И, наверное, при виде
Восковой моей фигуры
Будут юноши стремиться
В отдалённые моря.
Пусть над палубою влажной
Маяки горят в тумане,
И ласкает снова уши
Чаек сумеречный смех,
Потому что очень важно,
Чтобы плавать в океане,
Отпихнуть ногою сушу,
Как говаривал стармех.
Люксембургский сад
Студенты лежат на траве в Люксембургском саду,
Из памяти вызвав Мане голубые полотна.
Подобную сцену навряд ли в России найду,
Что так же была бы безоблачна и беззаботна.
Под надписью, что запрещает лежать на траве,
Стоит полицейский, скучая на солнце весеннем.
Вокруг на лужайках ленивое длится веселье,
Влюблённые дремлют, прильнув голова к голове.
Вся Франция спит в этот час в Люксембургском саду –
Младенцы в колясках, в узорных шезлонгах старушки.
Не здесь ли гремели теперь устаревшие пушки,
Неся коммунарам последнюю в жизни беду?
Их здесь расстреляли, у этой вот низкой стены,
Где юная пара целуется самозабвенно,
Являя собою скульптурную группу Родена,
Что спит, убаюкана миром дневной тишины.
И я через сад по песчаной дорожке иду,
На них озираясь завистливо и воровато.
Студенты лежат на траве в Люксембургском саду,
Сбежавшие с лекций, как мы убегали когда-то.
Шумящий Париж обтекает сей мир лежебок,
Где спят амазонки, короткую сдвинув тунику,
И дремлет над садом на солнечном облаке Бог,
Как праздный студент, что дождаться не может каникул.
Данте Россетти
Рыжеволосые женщины художника Данте Россетти,
Которые вряд ли реально существовали на свете,
Воплощённые в Прозерпину, Еву или Лилит, –
Я впервые их встретил на выставке в Амстердаме
И, раз заглянув им в глаза, забыть не могу годами, –
Они вызывают бессонницу, и сердце от них болит.

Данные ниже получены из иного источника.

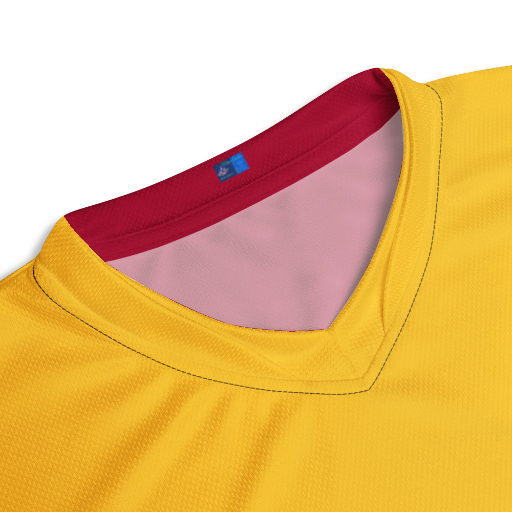 Looking for the perfect sports jersey? We have you coveredmade of 100% recycled polyester fabric, this shirt is breathable, moisture-wicking, and has a double-layered v-neck collar that creates a premium look.
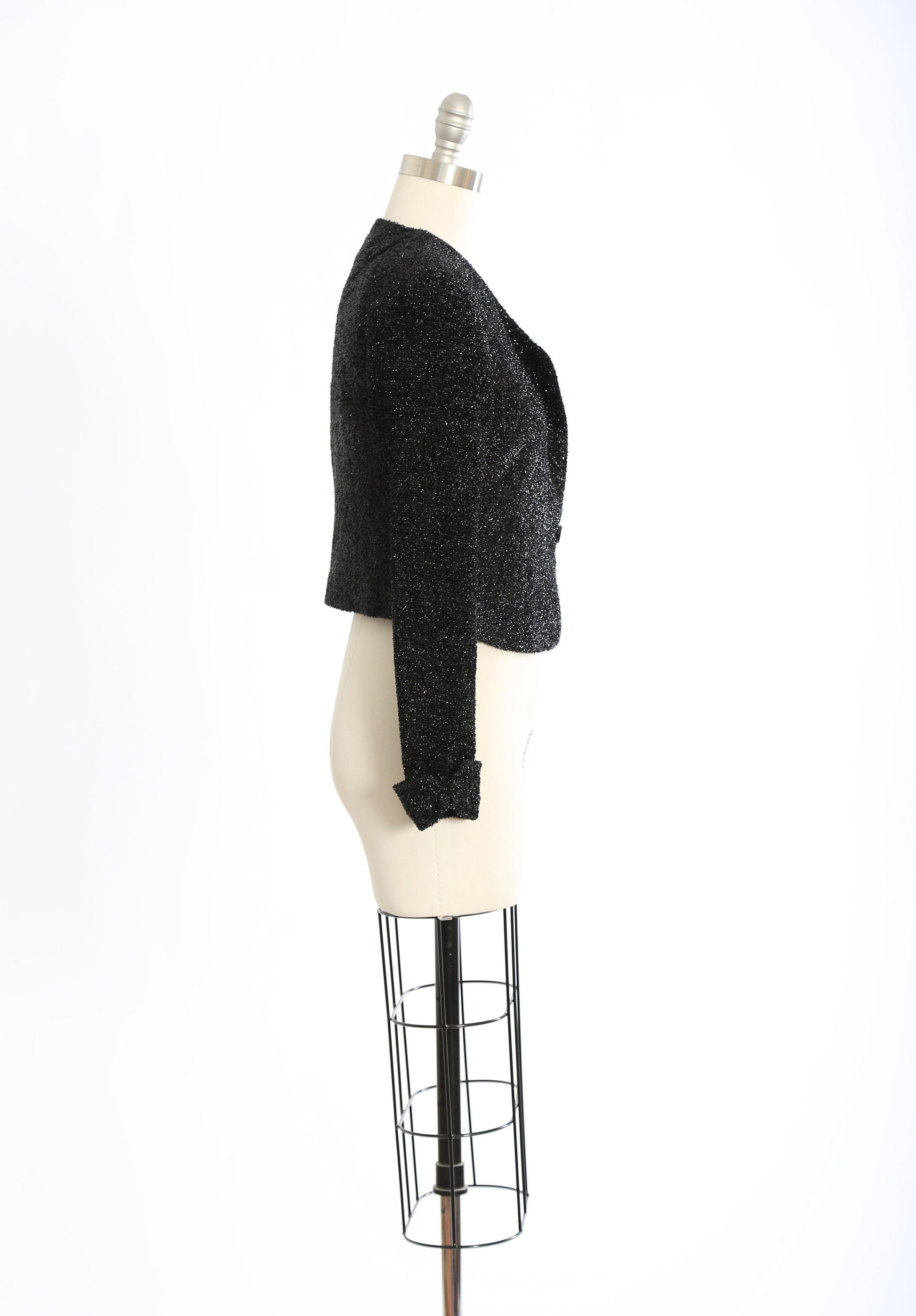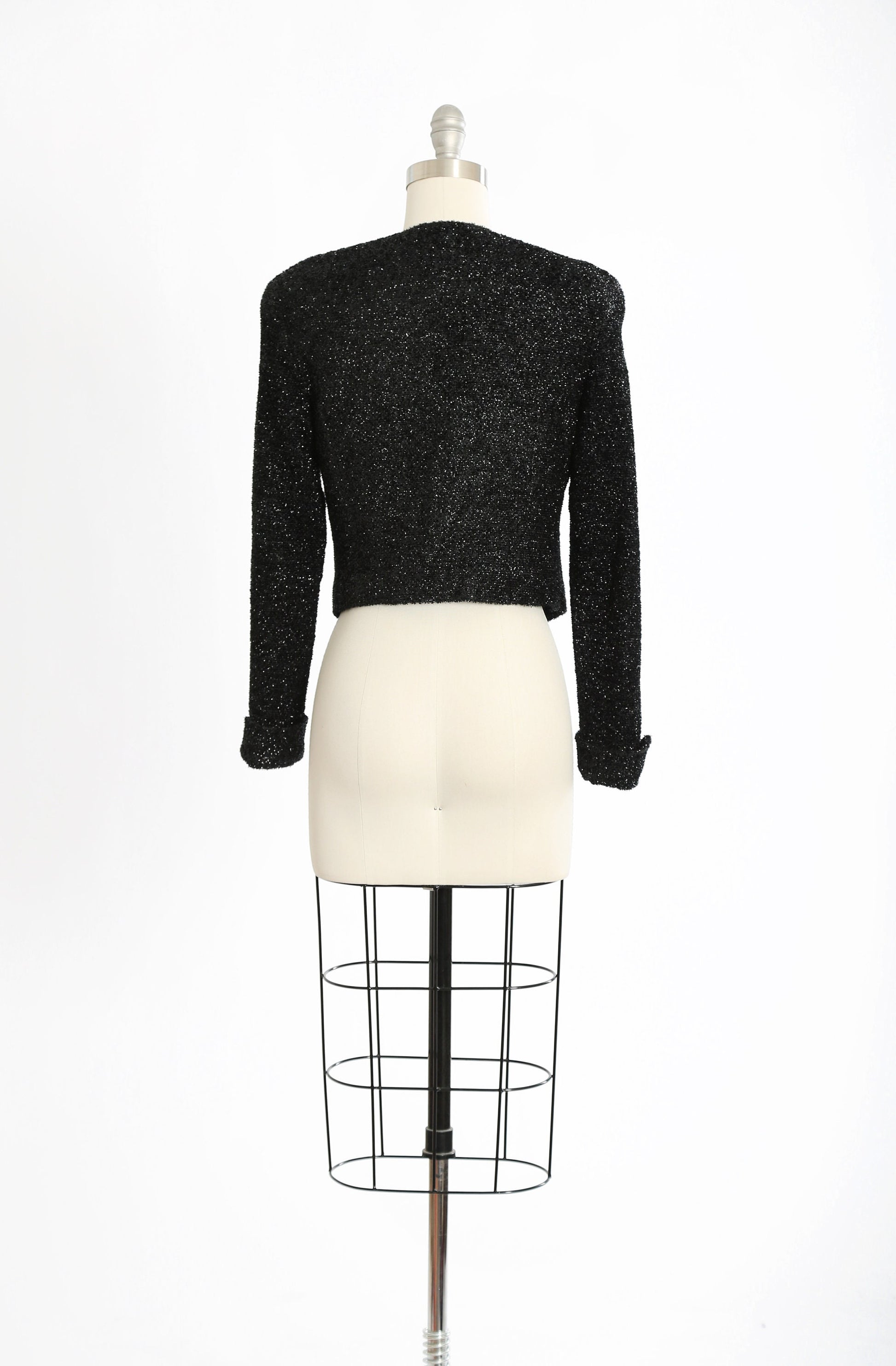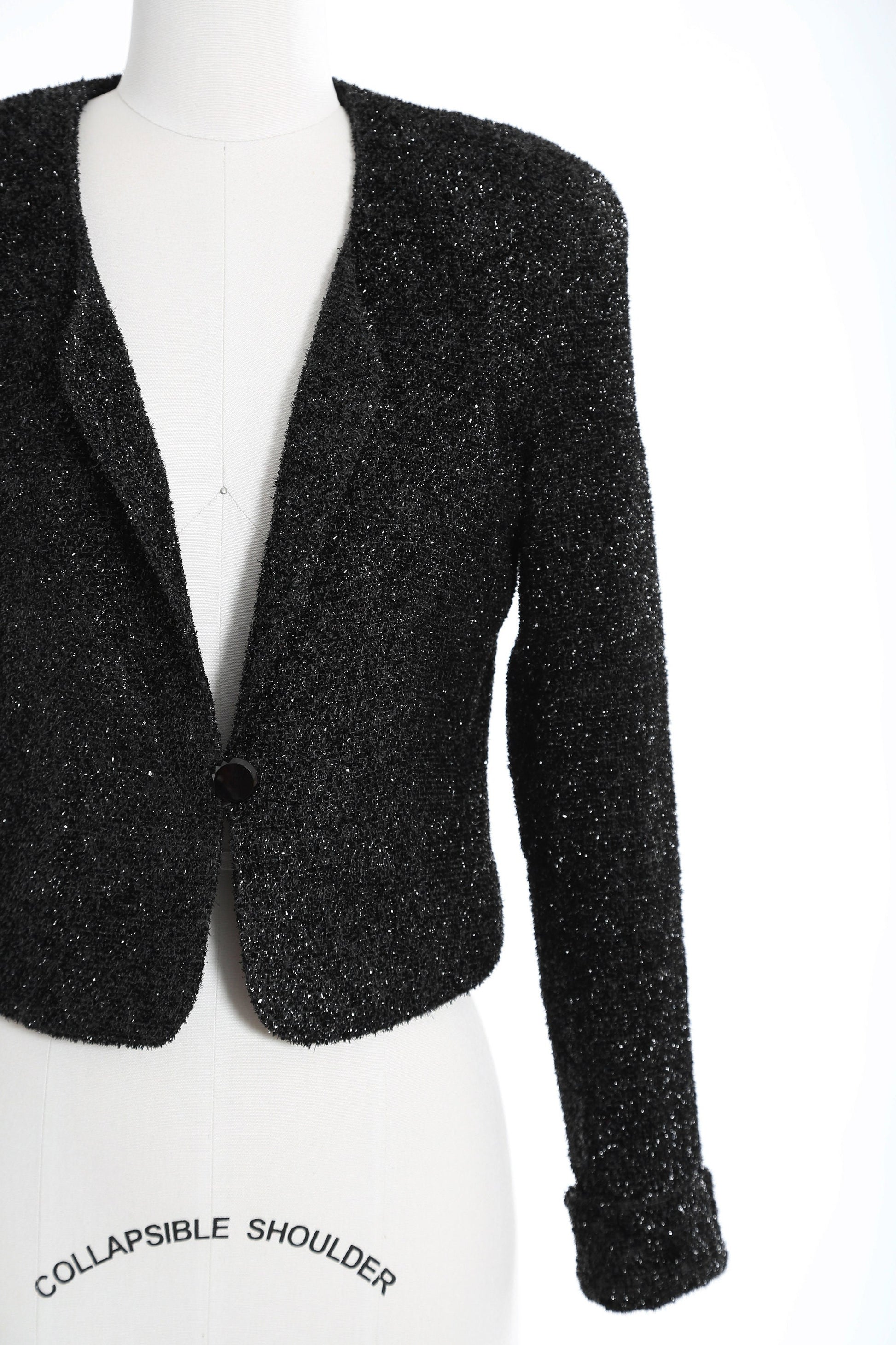 Vintage 90s Y2K black tinsel cropped jacket bolero

Рыжеволосые женщины с незагорающей кожей,
Они на его натурщиц были совсем непохожи
И непохожи были на жён его и подруг.
Неясно теперь – по божьей, по дьявольской ли указке
Смешивал он в палитре жёлто-зелёные краски,
Вызывая у современников восхищение и испуг.
Рыжеволосые женщины с глазами болотного цвета,
Бездонней которых в мире, оказывается, нету
Ни голубых, ни карих, ни антрацитовых глаз,
Тебя поведут за ними зелёные звёздные карты
От глаз троянской Елены до пристальных глаз Астарты,
В которые ты заглянешь в самый последний час.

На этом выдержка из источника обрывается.